As Murphy’s Law states, catastrophes will occur at the most inopportune time. Too many times I have seen a system failure or crash occur on a Friday evening after business hours. As a result, business operations are offline the entire weekend until someone finally realizes it Monday morning. What if an important backup or update was routinely scheduled on the weekend? Understanding the repercussions of such a failure and whether alerts should be in place is a very appropriate question to ask about your business.
7. How do your clients or suppliers respond if no one answers communications?
No one wants to experience this scenario, but the question highlights the risks involved should business continuity become interrupted or not properly function. In a competitive industry, customers and clients will often turn to a competitor if poor communications exist. Likewise, partners and suppliers may view your organization as disorganized or unprofessional and question your ability to deliver.
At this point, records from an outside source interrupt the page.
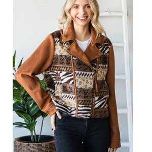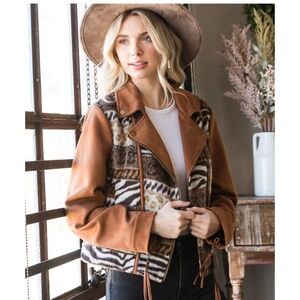 Oli & Hali “ Becky “ Oli and Hali JACQUARD MIXED SUEDE MOTO JACKET 33
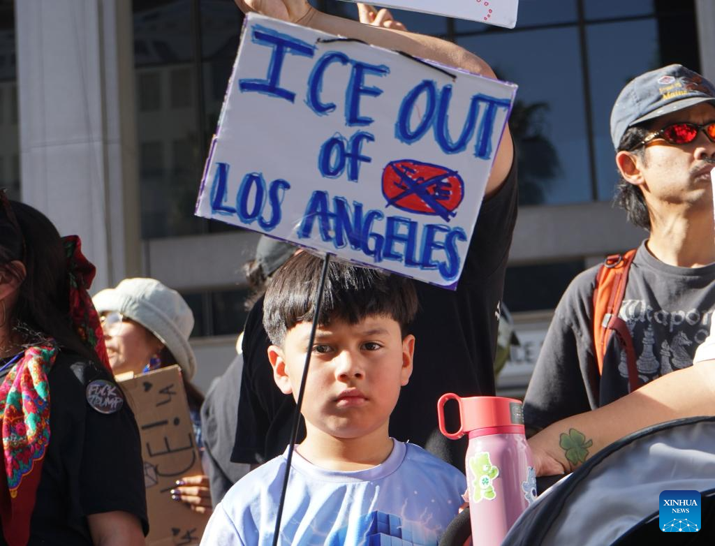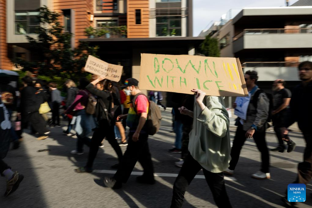 Rachel Elder, who attended a protest with her son, told Xinhua she was demonstrating against what she described as unlawful violence by ICE agents. "I'm here with my son because we are protesting the occupation of ICE and the unlawful violence, murder that the agents have committed against innocent protesters," she said.
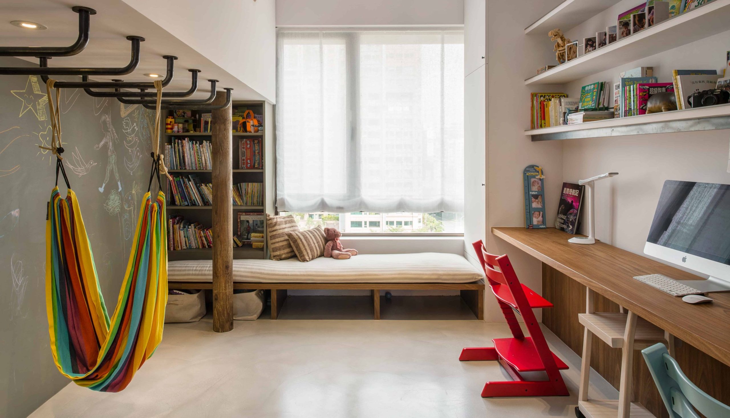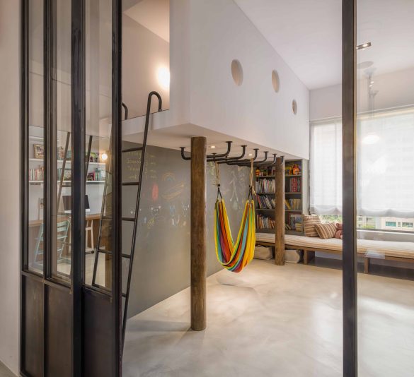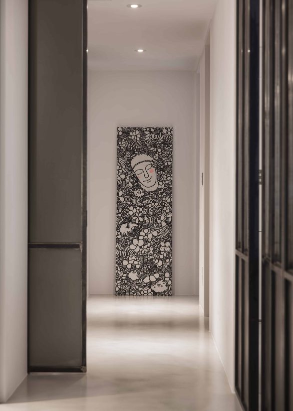The most genuine wrought iron, bearing the marks of polishing, serves as lines shaping the contours of space. Instead of smooth spray paint, the tactile quality of rolled paint prevails, creating a space full of childlike wonder, connecting at the heart of the home—the dining area—to evoke beautiful verses within the space.
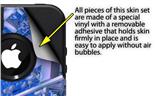 uSkins™ are self adhering vinyl decal style skins and are a great way to add a new look to your protective case. uSkins are a composite of two layers of commercial grade materials. The bottom layer is a soft, flexible vinyl with a special removable adhesive that is easily positioned, applied without air bubbles. Next we print the bottom layer with UV protected, fade resistant inks that deliver superb photo quality designs in vibrant colors. Finally we bond a professional grade laminate over the entire skin adding a glossy protective finish.
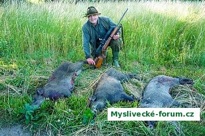 Pánové, pánové, nenechte prchlivost cloumát svým majestátem a otočme list. Na 100 metrů velkýho divočáka někdy trefím i já, ale tři najednou, to se mi nestává :-).

It is important to have IT systems in place that preserve operations and communications in the event that disaster strikes.
8. How often are updates performed?
Some statistics have been given already that demonstrate the rapidity with which information technology is expanding and changing today. Therefore, processes and procedures that address routine updates and upgrades to existing IT systems and applications are worth considering for implementation. Efficiency, effectiveness, and growth of the organization can all be negatively affected if these areas are ignored. And, more important, the cost associated with major overhauls to rebuild infrastructure as opposed to scheduled upgrades can be substantial.
9. What protections are in place if a power outage occurs?
Most organizations have some kind of battery backup power supply should electrical outages occur, but the extent and duration of alternative power may be inadequate to provide proper business continuity. The use of battery backups, generators, and power monitors are common topics that surface during discovery meetings with IT professionals. In addition, how power is managed can save significantly on energy utilization and costs.
10. How often are outside assessments and audits performed?
No matter how much expertise and experience your organization’s IT personnel have, a fresh perspective always has the chance to reveal new opportunities and potential issues. This exercise can reap significant rewards particularly in the field of information technology.
Conducting an IT assessment of your organization with outside professionals offers you a chance to identify areas that could be improved that internal personnel may not see. New methods and techniques specific to IT management and systems develop almost daily. External assessments are the best way to tap into the latest trends and applications so that your organization maintains its competitive advantage.
Though the questions listed here are often asked during an initial discovery meeting between business owners, IT managers, and a consultant, these meetings are typically very organic and fluid. A single question may take the group in a direction that highlights the urgent needs of the organization. However, the above list does show common areas in information technology that commonly become major problems for a number of organizations. Unfortunately, once you fall behind and begin putting out fires instead of maximizing performance, resources within the organization are often focused on survival rather than on success.
A Step in the Right Direction
Perhaps you are like John with a crisis on your hands, or perhaps you have considered the questions listed above and realized that you have shortcomings within your IT organization. Either way, a systematic and organized examination of your organization’s information technology systems and operations needs to be conducted to start the process. For many larger organizations, this may be attempted in-house, but as mentioned previously, a fresh perspective is extremely valuable. This is where the services of an IT consultant become very helpful.